Mount Kenya University ( MKU) , the International Collaboration of Essential Surgery, Henry Family Advised Fund, Smile Train, the College of Surgeons of East, Central and Southern Africa (COSECSA), and Kenya’s Ministry of Health have partnered to contribute to national health systems strengthening that identifies gaps in health service delivery and processes and identifies priorities for improvement and strengthening, with the end result being an eradication campaign to facilitate the treatment of children born with congenital defects, mothers suffering from obstructive labour complications such as obstetric fistula, and trauma victims living with home, workplace or roadside injuries that can be easily fixed, preventing lifelong disabilities.

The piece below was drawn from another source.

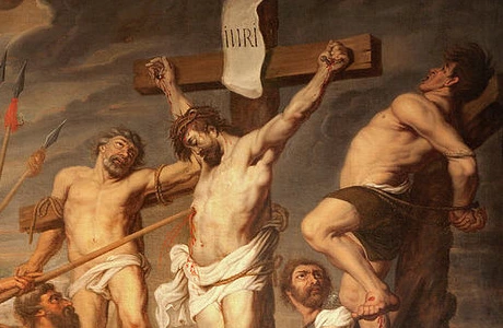 그림 4. 예수의 처형. 예수 오른쪽의 죄수는 뉘우쳤고, 성인으로 추앙받는 반면(Saint. Dismas) 우측의 죄수는 그렇지 않다. 예수의 십자가에는 INRI 가 적혀 있다⁵.

According to the co-director of the Henry Family Advised Fund, Dr. Jaymie Henry , the first country-wide effort will focus on a phased approach to eliminate the backlog of approximately 7,000 clefts in Kenya, beginning with a national surgical capacity study that assessed and qualified level 4 hospitals across 47 counties in Kenya and their surgical workforce to help deliver robust, safe and cost-effective basic and comprehensive surgeries, and ensure adequate availability of surgical equipment, trained health workforces and mobile/telehealth connectivity.
Correspondingly, case detection for neglected clefts, cleft eradication, and community health worker and surgical training will be piloted in Meru County to execute proof of concept for large-scale eradication of clefts in the country that will lead to the establishment of cleft centres of excellence at the county level and create a fast-track referral process from the community to Level 4 hospitals to county referral hospitals for pre-operative, surgical and post-operative care.
While giving a public lecture at MKU’s main campus in Thika, Dr. Henry said every day, people are dying or being disabled from medical conditions and simple injuries that can be averted with simple, one-time procedures. Of the 234 million surgical procedures performed worldwide each year, 75% benefit the richest people.
This means that in some countries, the global population receives less than 4% of surgical procedures, while in others, there is limited if any access to essential procedures that save lives and prevent life-long disabilities. “Neglected surgical diseases (NSDs) are conditions that have a public health burden for which cost-effective interventions currently exist. They include cleft lip and palate, cataracts, clubfoot, hernia, obstetric fistula, and neglected injury,” she further said.
The Henry Family Advised Fund founded by Dr. Henry and her husband Orion Henry promotes surgical interventions that save lives and prevent permanent disability and life-threatening conditions. It is a firm believer that essential surgery should – and can – be safe, accessible, and affordable to people worldwide regardless of income or geography. Essential surgery involves common and basic procedures that meet high standards of care even in limited resource settings and require only modest infrastructure.
Dr. Jaymie said MKU is collaborating with the Henry Family Advised Fund in implementing a pilot programme in Meru County that recruits and trains the community health workforce to identify and catalogue every patient with a neglected surgical disease using an innovative mobile telehealth application, for fast-track referral to a Level 4 Hospital. For the first phase of the pilot study, every child suffering from a cleft lip or palate will be referred for treatment by the partner organization, Smile Train.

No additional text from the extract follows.